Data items
————

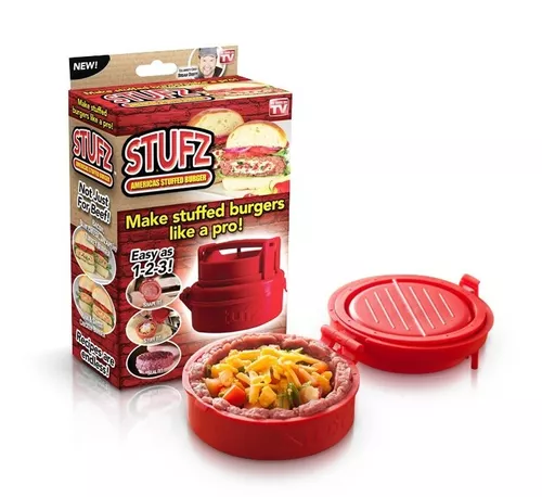Con la magia del molde para hamburguesas Stufz ™, ahora puede disfrutar de posibilidades ilimitadas en la elaboración de la forma en que asa una hamburguesa! puedes elaborar una hamburguesa simple o rellena, Simplemente use la máquina para hacer hamburguesas para crear espacio en el medio para colocar los ingredientes para rellenar y luego sellarlo y asarlo.
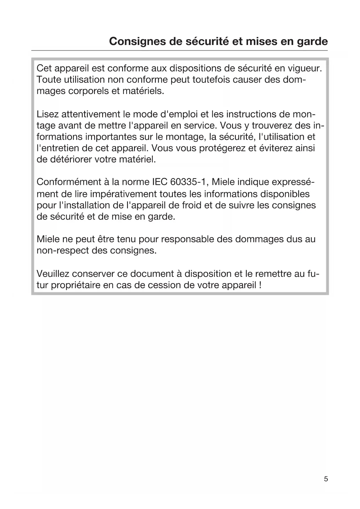 Cet appareil est conforme aux dispositions de sécurité en vigueur. Toute utilisation non conforme peut toutefois causer des dom- mages corporels et matériels. Lisez attentivement le mode d'emploi et les instructions de mon- tage avant de mettre l'appareil en service. Vous y trouverez des in- formations importantes sur le montage, la sécurité, l'utilisation et l'entretien de cet appareil. Vous vous protégerez et éviterez ainsi de détériorer votre matériel. Conformément à la norme IEC60335-1, Miele indique expressé- ment de lire impérativement toutes les informations disponibles pour l'installation de l'appareil de froid et de suivre les consignes de sécurité et de mise en garde. Miele ne peut être tenu pour responsable des dommages dus au non-respect des consignes. Veuillez conserver ce document à disposition et le remettre au fu- tur propriétaire en cas de cession de votre appareil!Consignes de sécurité et mises en garde
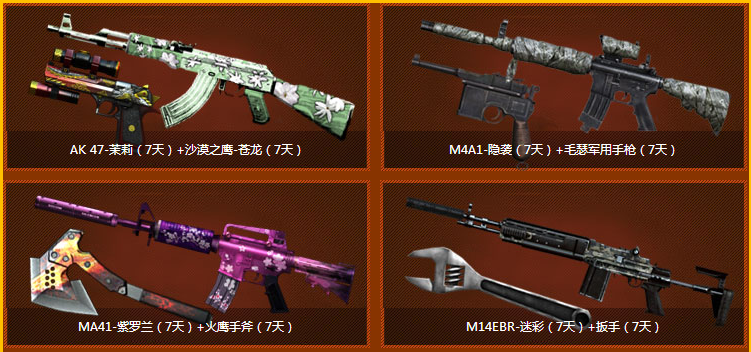 抽奖可以获得AK 47-茉莉(7天)+沙漠之鹰-苍龙(7天),M4A1-隐袭(7天)+毛瑟军用手枪(7天),MA41-紫罗兰(7天)+火鹰手斧(7天),M14EBR-迷彩(7天)+扳手(7天)
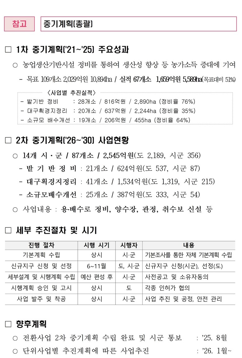이어 사업의 지속성 및 영농환경 개선 등을 위해 2026년부터 2030년까지 총 5년간 전환사업(밭기반정비, 대구획경지정리, 소규모배수개선) 87개소에 2,545억원(도비 2,189, 시군비 356)을 연차적으로 투입 할 계획이다.
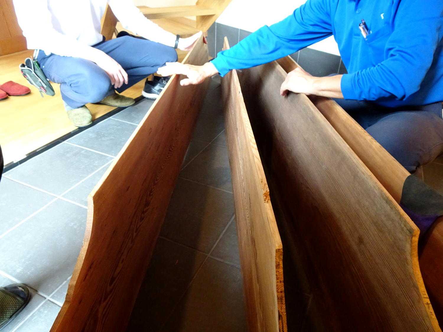 山口県岩国市の浄土真宗本願寺派 光福寺で木造本堂を造ります。工事は愛知県江南市の(株)アイチケンにお願いします。棟梁、工事監督に来社してもらい、前嶋と4人で詳細な納まりついて打ち合わせ。岩国の現場では、地元の(株)大島組が基壇のコンクリート打設を既に終え・・・本堂の木材加工もどんどん進んでいるので、待ったなしです。「再利用する予定の琵琶板が反っているんですが・・・どうしましょう。今日持ってきましたので、見てもらえますか?」と監督。本社事務所と建設会社が近いと、こういう時、便利です。板は4枚、指金を当ててみると・・・中央で9ミリ程度反っている板もあります。「かなり反っているね。でも、杢目はきれいだし、旧本堂の材を再利用することにも意味がある。加工が難しいかもしれないけど、頑張ってよ」「了解しました」と棟梁。【菅野企画設計】は、寺院建築・和風住宅・古民家再生を得意とする設計事務所です。≫≫ 菅野企画設計 HP≫≫ 寺院完成ギャラリー≫≫ Instagram(寺院)≫≫ Instagram(住宅)≫≫ Pinterest◆本社◆ 愛知県一宮市木曽川町黒田往還南60-3 TEL 0586-84-2003◇関東事務所◇ 横浜市中区太田町6-79アブソルート横濱馬車道ビル4階 TEL 045-264-9160
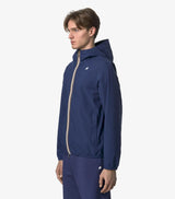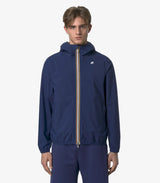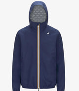 Giubbino blu cobalto corto da uomo, ideale per le mezze stagioni e con vestibilità slim, realizzata in tessuto tecnico elasticizzato, impermeabile, antivento e traspirante. L'interno è foderato con una membrana isolante decorata con lettering K-Way stampato all over in tonalità argento. Le tasche laterali con zip, il cappuccio avvolgente e regolabile, i polsini e i bordi con inserti elastici sono dettagli funzionali che garantiscono aderenza e una vestibilità comoda e veloce. Logo stampato bianco.
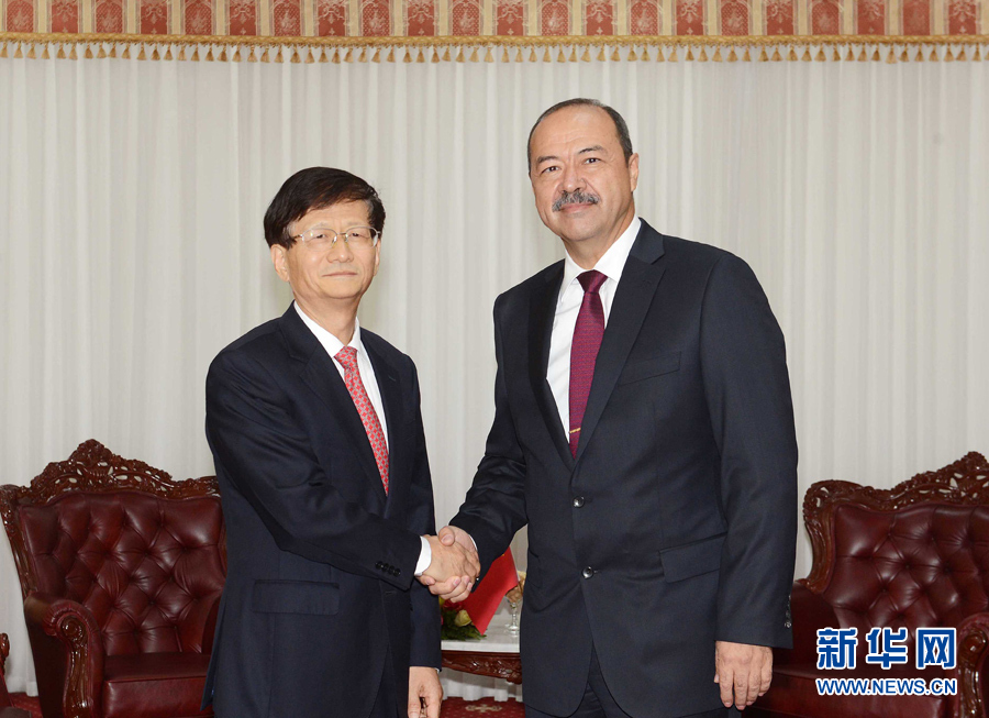 9月9日,中共中央政治局委員、中央政法委書記、中國和烏茲別克斯坦政府間合作委員會(huì)中方主席孟建柱(左)在塔什干會(huì)見烏總理、中烏政府間合作委員會(huì)烏方主席阿里波夫。 新華社記者沙達(dá)提攝

————

### Work request
Nothing except the lines from the one containing "Cet appareil est" through the one containing "이어 사업의 지속성 및" should appear in the answer, exactly as above and without pictures.

### Task output
 Cet appareil est conforme aux dispositions de sécurité en vigueur. Toute utilisation non conforme peut toutefois causer des dom- mages corporels et matériels. Lisez attentivement le mode d'emploi et les instructions de mon- tage avant de mettre l'appareil en service. Vous y trouverez des in- formations importantes sur le montage, la sécurité, l'utilisation et l'entretien de cet appareil. Vous vous protégerez et éviterez ainsi de détériorer votre matériel. Conformément à la norme IEC60335-1, Miele indique expressé- ment de lire impérativement toutes les informations disponibles pour l'installation de l'appareil de froid et de suivre les consignes de sécurité et de mise en garde. Miele ne peut être tenu pour responsable des dommages dus au non-respect des consignes. Veuillez conserver ce document à disposition et le remettre au fu- tur propriétaire en cas de cession de votre appareil!Consignes de sécurité et mises en garde
 抽奖可以获得AK 47-茉莉(7天)+沙漠之鹰-苍龙(7天),M4A1-隐袭(7天)+毛瑟军用手枪(7天),MA41-紫罗兰(7天)+火鹰手斧(7天),M14EBR-迷彩(7天)+扳手(7天)
이어 사업의 지속성 및 영농환경 개선 등을 위해 2026년부터 2030년까지 총 5년간 전환사업(밭기반정비, 대구획경지정리, 소규모배수개선) 87개소에 2,545억원(도비 2,189, 시군비 356)을 연차적으로 투입 할 계획이다.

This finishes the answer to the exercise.